First in-sample predictions: [208500. 181500. 223500. 140000. 250000.]
Actual target values for those homes: [208500, 181500, 223500, 140000, 250000]


In [62]:
# Import the train_test_split function and uncomment
from sklearn.model_selection import train_test_split

# fill in and uncomment
train_X, val_X, train_y, val_y = train_test_split(X,y,random_state=1)

In [64]:
# You imported DecisionTreeRegressor in your last exercise
# and that code has been copied to the setup code above. So, no need to
# import it again
from sklearn.tree import DecisionTreeRegressor
# Specify the model
iowa_model = DecisionTreeRegressor(random_state=1)

# Fit iowa_model with the training data.
iowa_model.fit(train_X,train_y)


In [65]:
# Predict with all validation observations
val_predictions = iowa_model.predict(val_X)

In [66]:
# Inspect your predictions and actual values from validation data.
# print the top few validation predictions
print(iowa_model.predict(val_X)[:5])
# print the top few actual prices from validation data
print(list(val_y[:5]))

[186500. 184000. 130000.  92000. 164500.]
[231500, 179500, 122000, 84500, 142000]


In [67]:
# Calculate the Mean Absolute Error in Validation Data

from sklearn.metrics import mean_absolute_error
val_mae = mean_absolute_error(val_y,val_predictions)
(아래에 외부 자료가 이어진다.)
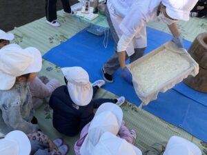 炊き上がったもち米を厨房さんが持ってきてくれると目を輝かせて見つめるみんな✨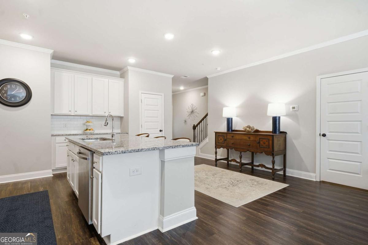 Better than new and impeccably maintained, this END-UNIT townhome offers the LARGEST FLOORPLAN in Camden Park-and truly feels like a home-just minutes from Downtown Woodstock. Positioned on a desirable corner lot, this home features a rare private fenced backyard, perfect for pets, entertaining, or relaxing outdoors. The main level is designed for both everyday living and entertaining, showcasing hardwood floors throughout, a spacious great room with a corner fireplace, and a standout oversized kitchen featuring abundant counter space, stainless steel appliances, granite countertops, an expansive island, and a separate pantry. The kitchen flows seamlessly into a large dining area with detailed trim work and an open foyer-style layout. A 2-car garage on the kitchen level adds everyday convenience. Upstairs continues the spacious feel with a versatile loft area-ideal for a home office or sitting room. The primary suite is a true retreat, offering a spa-like bath with dual vanities, soaking tub, separate shower, private water closet, and a large walk-in closet. Two additional bedrooms are generously sized with ample closet space, plus a separate oversized laundry room. Enjoy outdoor living with a private, fenced yard and patio-perfect for grilling and easy access for pets. Located just off Highway 92, this home offers unbeatable convenience to shopping, dining, and fitness options including One Life Fitness and Lifetime Fitness, with quick access to both Downtown Woodstock and Downtown Roswell. Immaculate, spacious, and one of the best opportunities near Downtown Woodstock-this one truly stands out.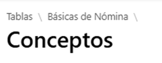 Ingresar a la ruta Tablas / Básicas de Nómina / Conceptos.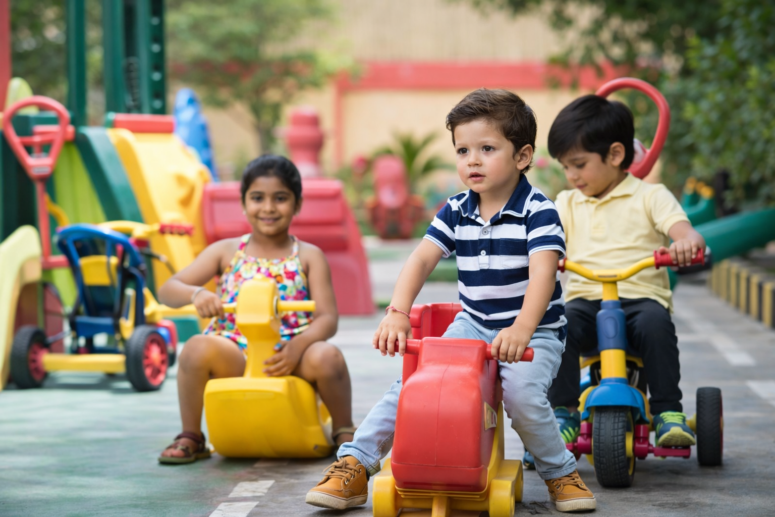 Holistic development is supported through activities that strengthen gross and fine motor skills, sensory learning, health awareness, and self-care habits. Values such as respect, responsibility, and environmental awareness are introduced through stories and real-life connections.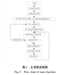HART通信協(xié)議采用問答式,即上位機(jī)(主機(jī))向下位機(jī)發(fā)出命令,下位機(jī)(從機(jī))回答。主機(jī)消息到來時(shí),通過觸發(fā)串口中斷來接收和發(fā)送數(shù)據(jù)。主循環(huán)程序還包括檢測(cè)溫度并送LCD顯示的子程序模塊,4~20mA電流輸出子程序模塊,累計(jì)流量寫鐵電子程序模塊等。系統(tǒng)主函數(shù)流程圖如圖4所示,脈沖采集、脈沖輸出流程圖如圖5所示。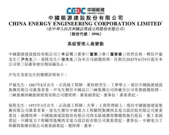 中國能建管理層調整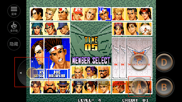 1、任何能够蓄气的拳皇角色,均能够通过长按ABC(轻拳、轻脚、重拳)来进行蓄力。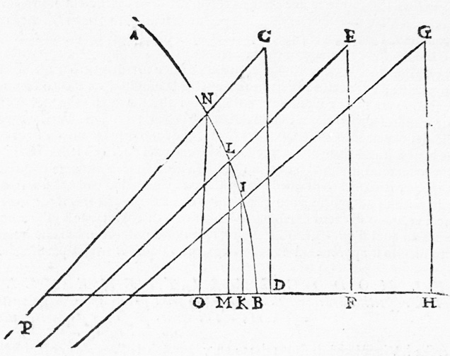 Questa è assolutamente la piu difficile operatione,che possa fare il Prospettivo, non la potendo conseguire interamente con la regola, per la varietà & irregolarità delle volte, nè fin quì da nessuno (che io sappia) n’è stato scritto poco nè assai. Però dalla figura del capitolo terzo del Vignola ho cavato la presente regola, la quale aiutata dalla pratica, ci darà l’intento nostro. Ricordianci adunque della figura del prenominato capitolo, & come dalla parete venga tagliata la piramide visuale, che dall’ottangolo và all’occhio, & immaginianci che la volta, nella quale s’ha à dipignere la Prospettiva, ha da fare l’effetto d’essa parete. La onde quando ci sarà proposta la volta per farvi la Prospettiva, bisogna primieramente pigliare la circonferenza del suo sesto con una centina, & segnarla nel cartone, & poi mettervi appresso le grandezze perfette delle cose, che si vogliono disegnare nella volta, & tirando da esse linee rette fino al punto della distantia, si segneranno nell’arco della volta le intersegationi, che le prefate linee ci danno. Come per esempio, sia il sesto, ò centina della volta la A L B, & siano l’altezze, ponian caso di tre colonne, le C D, E F, & G H, che s’hanno à disegnare nella volta. Et per che il punto della distantia, come nella precedente regola s’è detto, s’ha da porre nel mezo della stanza, si metterà sotto alla centina della volta A L B, proportionatamente, come starebbe il punto P, dove le tre linee, che si partono dalli tre punti C, E, G, si vanno à congiugnere insieme; & dove esse linee taglieranno la centina della volta ne’punti I, L, N, ci daranno l’altezza delle tre predette colonne. La I K, per rappresentare la G H, piu lontana, sarà minore della L M, che rappresenta la E F, & così la N O, che viene dalla C D, piu vicina dell’ altre, sarà maggiore di tutte.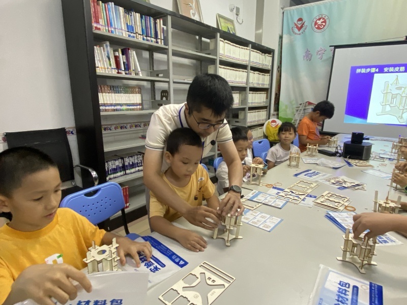 2024年10月13日,15位读者在游老师的指导下制作蒸汽减震器,它利用橡皮筋的弹力来缓和衰减震动,来保护装置中的物体。老师还推荐读者们课后可以借阅馆内《科技史脱口秀》《玩具坊》《万物里的科学-柠檬》等书籍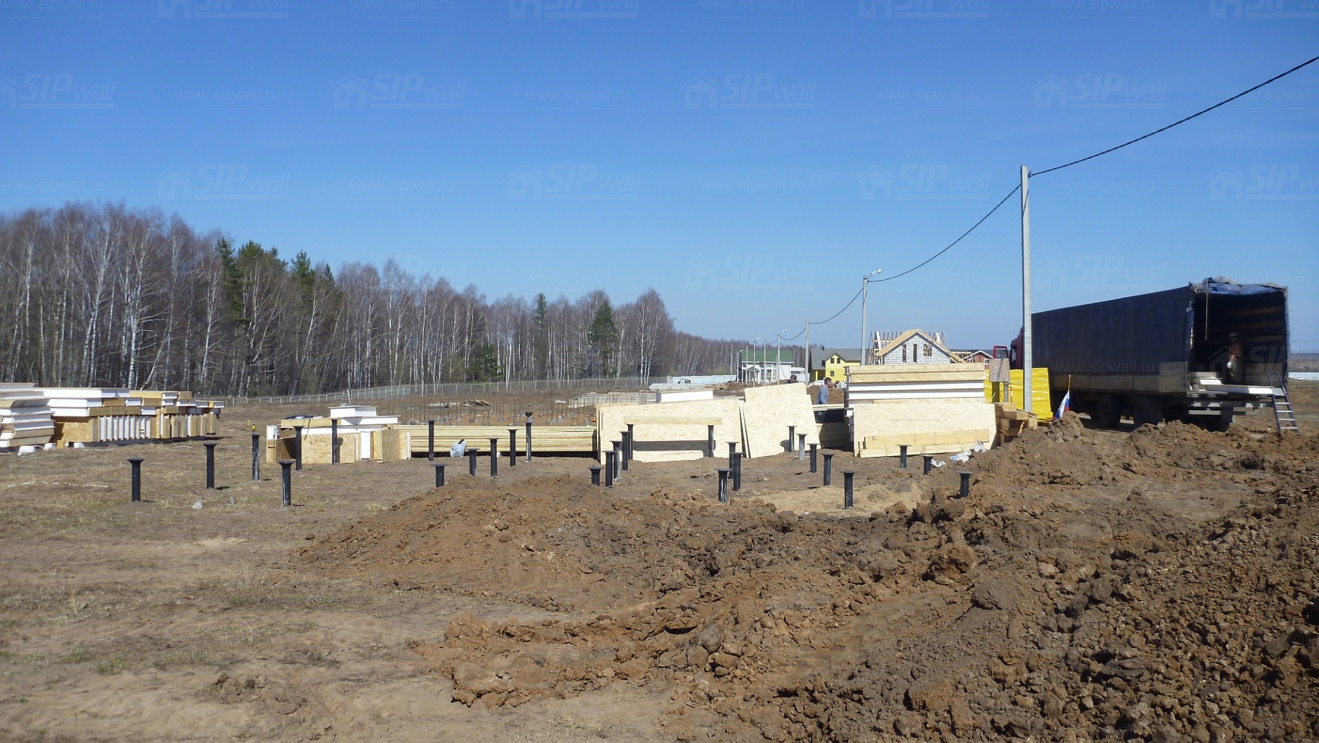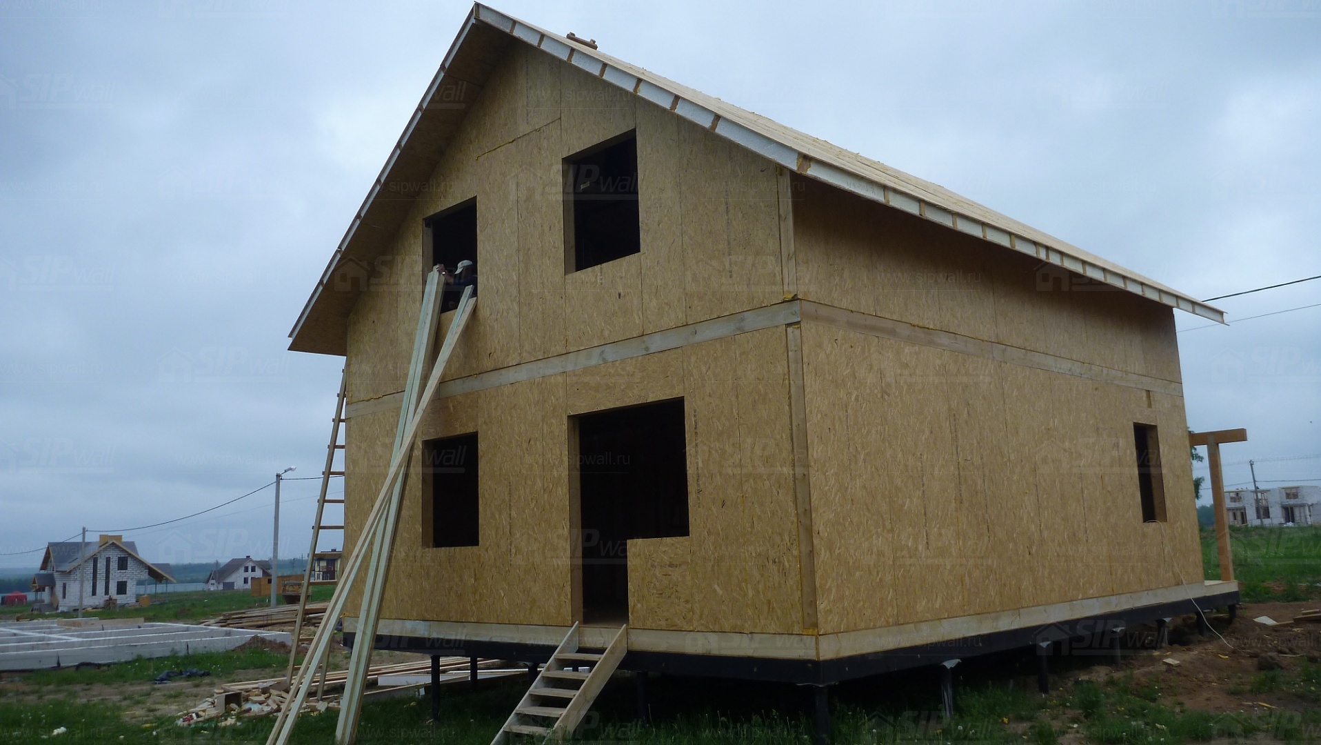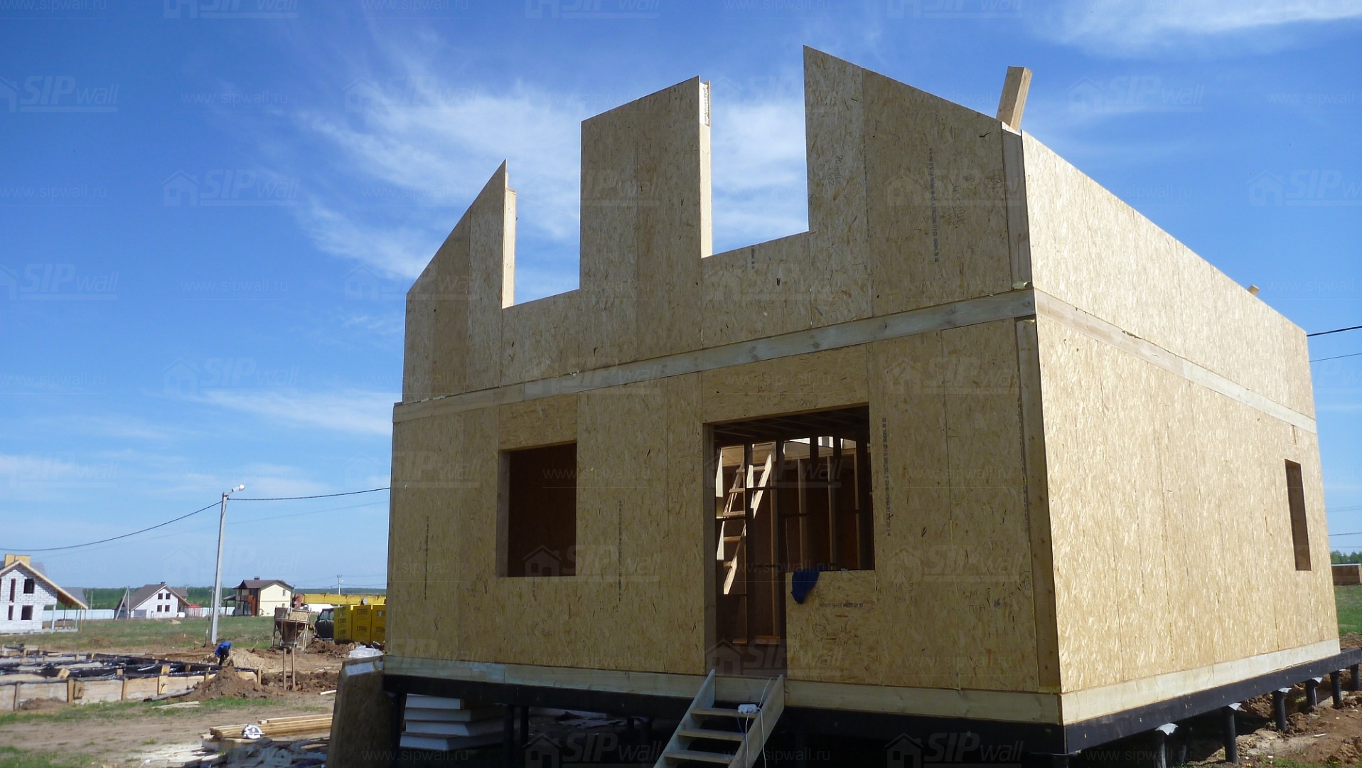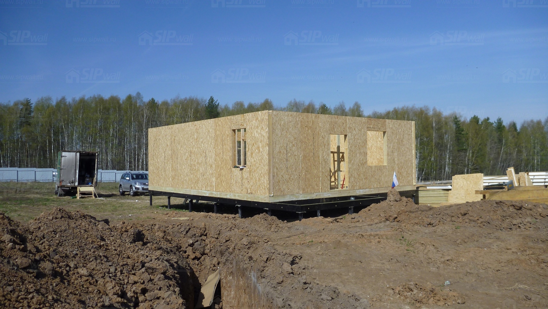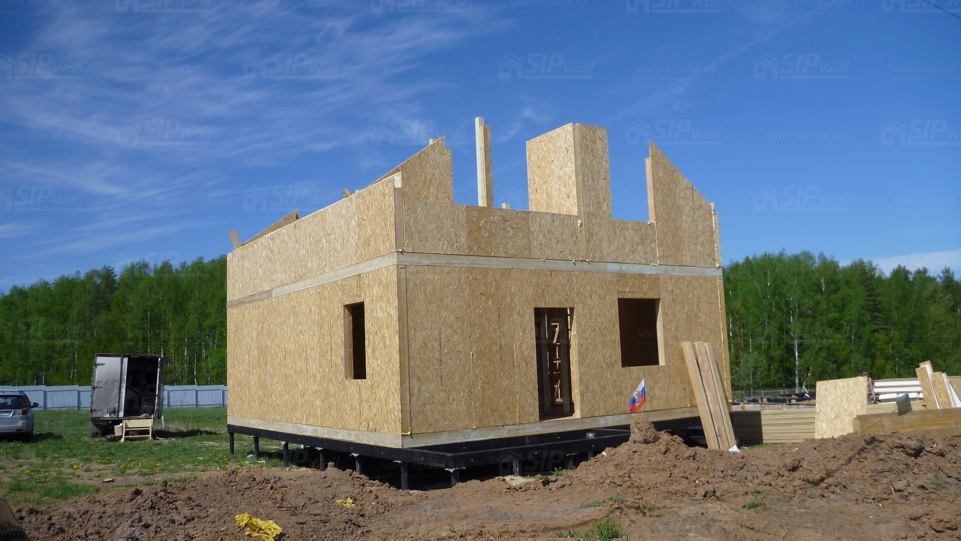 Все СИП панели SIPwall толщиной 224/174/124 мм (плиты OSB-3 толщиной 12 мм "Калевала" Россия и фасадный пенополистирол ПСБ-С 25 по ГОСТ 15588-14 толщиной 200/150/100 мм производства завода "PolarPlast", Россия) нарезаны и обрусованы сухим строганным брусом в соответствии с проектной документацией.

# uncomment following line to see the validation_mae
print(val_mae)

29652.931506849316


## 5 Underfitting and Overfitting
-  실제로 트리가 10 단계까지 나뉘는 경우는 드물지 않음
-  트리가 깊어질 수록 데이터셋은 더 작은 leaf로 나뉘게 됨
-  만약 10단계로 나누면, 2^10개의 그룹이 되는 것!
-  많은 리프가 생기면, 각 리프에는 적은 수의 집들만 남게 됨. 리프에 집이 아주 적으면 그 리프에서의 예측은 실제 값과 매우 가까울 수 있지만, 새로운 데이터에 대해서는 예측이 몇개의 집만을 기준으로 하기 때문에 신뢰할 수 없는 예측을 할 수 있음

***이러한 현상을 Overfitting 이라고함***


- 훈련 데이터에는 거의 완벽하게 맞추지만 검증 데이터나 다른 새로운 데이터 분석에서는 성능이 좋지 않은 경우임
- 하지만 반대로 트리를 매우 얕게 만들면 집들을 매우 구체적인 그룹으로 나누지 않음
- 극단적으로 트리가 집들을 2개 또는 4개의 그룹으로만 나누게 되면, 각 그룹에는 여전히 다양한 집들이 포함됨
- 이러한 경우 훈련 데이터에서도 대부분의 집에 대해 예측이 크게 벗어날 수 있음

***이러한 현상을 Underfitting 이라고함***

**따라서 과적합과 과소적합 사이의 적절한 균형을 찾는 것이 중요함**

![image.png](attachment:af6f9710-67bb-4528-80ff-1aa9b5169063.png)

In [68]:
# 트리의 깊이는 제어하는 대안 중 하나인 max_leaf_nodes를 통해 과적합/과소적합 제어
# 우리가 모델이 만들 수 있는 리프의 수를 더 많이 허용할 수록
# 위 그래프에서 과소적합 영역에서 과적합 영역으로 이동하게 됨
# 다양한 max_leaf_nodes값에 대해 MAE 점수를 비교하여 확인

from sklearn.metrics import mean_absolute_error
from sklearn.tree import DecisionTreeRegressor

def get_mae(max_leaf_nodes, train_X, val_X, train_y, val_y):
    model = DecisionTreeRegressor(max_leaf_nodes=max_leaf_nodes, random_state=0)
    model.fit(train_X, train_y)
    preds_val = model.predict(val_X)
    mae = mean_absolute_error(val_y, preds_val)
    return(mae)

In [69]:
melbourne_data = pd.read_csv(melbourne_file_path) 
# Filter rows with missing values
filtered_melbourne_data = melbourne_data.dropna(axis=0)
# Choose target and features
y = filtered_melbourne_data.Price
melbourne_features = ['Rooms', 'Bathroom', 'Landsize', 'BuildingArea', 
                        'YearBuilt', 'Lattitude', 'Longtitude']
X = filtered_melbourne_data[melbourne_features]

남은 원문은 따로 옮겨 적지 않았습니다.